Because the moment you run an open-weights model in production, you inherit responsibilities that a vendor used to hide behind an API:

  • evaluation becomes your release gate
  • licensing becomes your compliance surface
  • safety becomes your operational discipline
  • and “performance” becomes your GPU bill, your latency, your incident

This isn’t an argument for or against open weights.

It’s the missing architecture doc:

how to use open weights without turning your product into an expensive science project.

When I say open weights, I mean “you can run the model yourself.”

That does not automatically mean “open source,” and it definitely does not mean “no strings attached.”

The real shift

Open weights move risk and responsibility from the vendor to your system.

The operational payoff

If you do it right, you buy control: privacy, cost shaping, and predictable behavior.


Why teams want open weights (and why they get burned)

Open weights are appealing for good reasons:

  • Cost shaping: predictable marginal cost when usage scales
  • Data control: sensitive workflows without sending data to a third party
  • Customization: domain tuning, adapters, retrieval augmentation, prompt templates
  • Availability: fewer “provider incident” surprises
  • Portability: your product is not welded to one vendor’s roadmap

And yet… most teams struggle on the first attempt.

Because they adopt open weights the way they adopted libraries in 2015:

“We’ll just run it.”

But an LLM is not “a library.”

It’s a stochastic subsystem with a large blast radius.

So this month, we treat open weights the same way we treated distributed data in 2022:

as a production system that requires controls.


The three deployment postures

There are only three sane ways to use open weights. Everything else is a variant.

1) Vendor API

Fastest to ship. Lowest infra burden. Highest dependency and least control.

2) Managed open weights

A provider hosts the open model for you. Good compromise: control + lower ops load.

3) Self-hosted runtime

Max control. Max responsibility. You own latency, scaling, safety, and outages.

The trap

“Self-hosted” without evaluation + guardrails is just DIY outages.


Evaluation is the product gate (not a research exercise)

If April taught us that model selection becomes architecture, May adds the uncomfortable corollary:

If you can’t evaluate it, you can’t operate it.

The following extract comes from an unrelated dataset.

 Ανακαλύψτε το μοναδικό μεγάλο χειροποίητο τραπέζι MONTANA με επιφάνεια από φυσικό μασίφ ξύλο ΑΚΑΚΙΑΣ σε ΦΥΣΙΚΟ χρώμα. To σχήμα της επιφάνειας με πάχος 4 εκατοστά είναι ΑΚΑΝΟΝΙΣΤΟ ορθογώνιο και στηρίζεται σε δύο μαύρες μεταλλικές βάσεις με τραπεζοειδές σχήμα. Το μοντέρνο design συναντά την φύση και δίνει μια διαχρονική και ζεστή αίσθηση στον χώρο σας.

Open weights make this non-negotiable because:

  • you will upgrade models (or weights)
  • you will change prompts and tools
  • you will quantize, batch, cache, and optimize
  • you will ship “one small change” that shifts behavior unexpectedly

So: you need an evaluation harness that acts like CI.

The minimum viable evaluation harness

Your harness needs to answer three questions continuously:

  1. Does it still meet the contract? (correctness + format + safety)
  2. Is it within budget? (tokens, latency, GPU time, fallbacks)
  3. Is it stable? (variance across runs, regressions, long-tail failures)
The best evaluation mindset is boring:

Treat LLM output like an API response that can be wrong in creative ways.

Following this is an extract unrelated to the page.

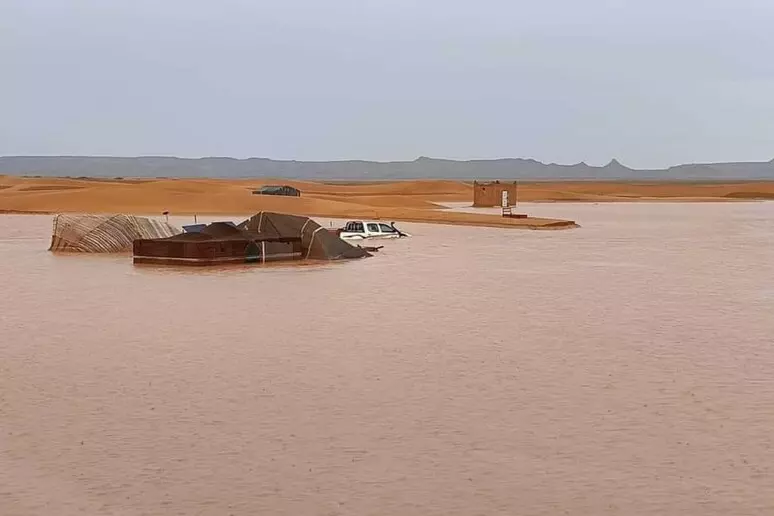 Numerosi i turisti, che sorpresi dalle intemperie nei bivacchi attorno all’Erg Chebbi, la duna più alta del Sahara, vicino a Merzouga, sono rimasti bloccati.

What you should measure (beyond accuracy)

Contract adherence

Schema validity, required fields, refusal behavior, tool call correctness.

Truth risk

Hallucination rate on grounded tasks, citation behavior, “confident wrongness.”

Latency and throughput

p50 / p95 / p99, queue delay, batch efficiency, cold start frequency.

Cost and capacity

GPU seconds, memory headroom, context length usage, cache hit rate.

Build a “golden set” that represents your product

A golden set is not a benchmark leaderboard.

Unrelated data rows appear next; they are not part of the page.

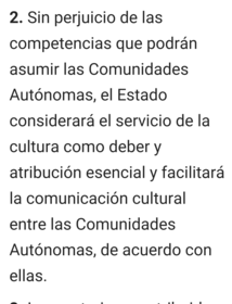 | Artículo 149.2 Sin perjuicio de las competencias de las Comunidades Autónomas, ¿Cómo considerará el Estado el servicio de la cultura? | |
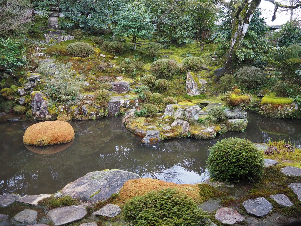 大原の実光院は、三千院から勝林院への途中にある勝林院の塔頭寺院で、三千院や宝泉院に比べると穴場な部類に入るお寺です。ゆっくりとお抹茶を頂きながら庭園の眺めを楽しめます。本尊は地蔵菩薩で、学僧が住み声明(しょうみょう)を伝承するために創建されました。庭は契心園と呼ばれ、律川の水を取り入れた池を主体としています。額縁状に望む光景は、心を癒してくれるでしょう。
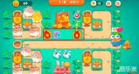 3.第三步在下排设置新炮塔,兔子快清完时让炮塔清理其他道具。

It’s a curated set of real tasks that represent your actual failure modes:

  • messy user inputs
  • edge cases
  • adversarial prompts
  • incomplete context
  • tool failures
  • ambiguous instructions
  • “looks correct but wrong” traps
A good golden set is small (hundreds to a few thousand cases), but maintained. It evolves with your product the same way test suites evolve with APIs.

Licensing is architecture (because it constrains your product)

This is the part engineers love to skip.

But licensing shapes your architecture as much as:

  • a database license
  • a cloud provider contract
  • an open-source dependency
  • a data residency requirement

Open weights come with licenses that vary widely. Some are permissive. Some are conditional. Some are commercial with restrictions.

And the key operational fact is:

Your model is now a dependency with legal constraints.

I’m not a lawyer. Treat this section as an engineering checklist for what to ask and verify — not legal advice.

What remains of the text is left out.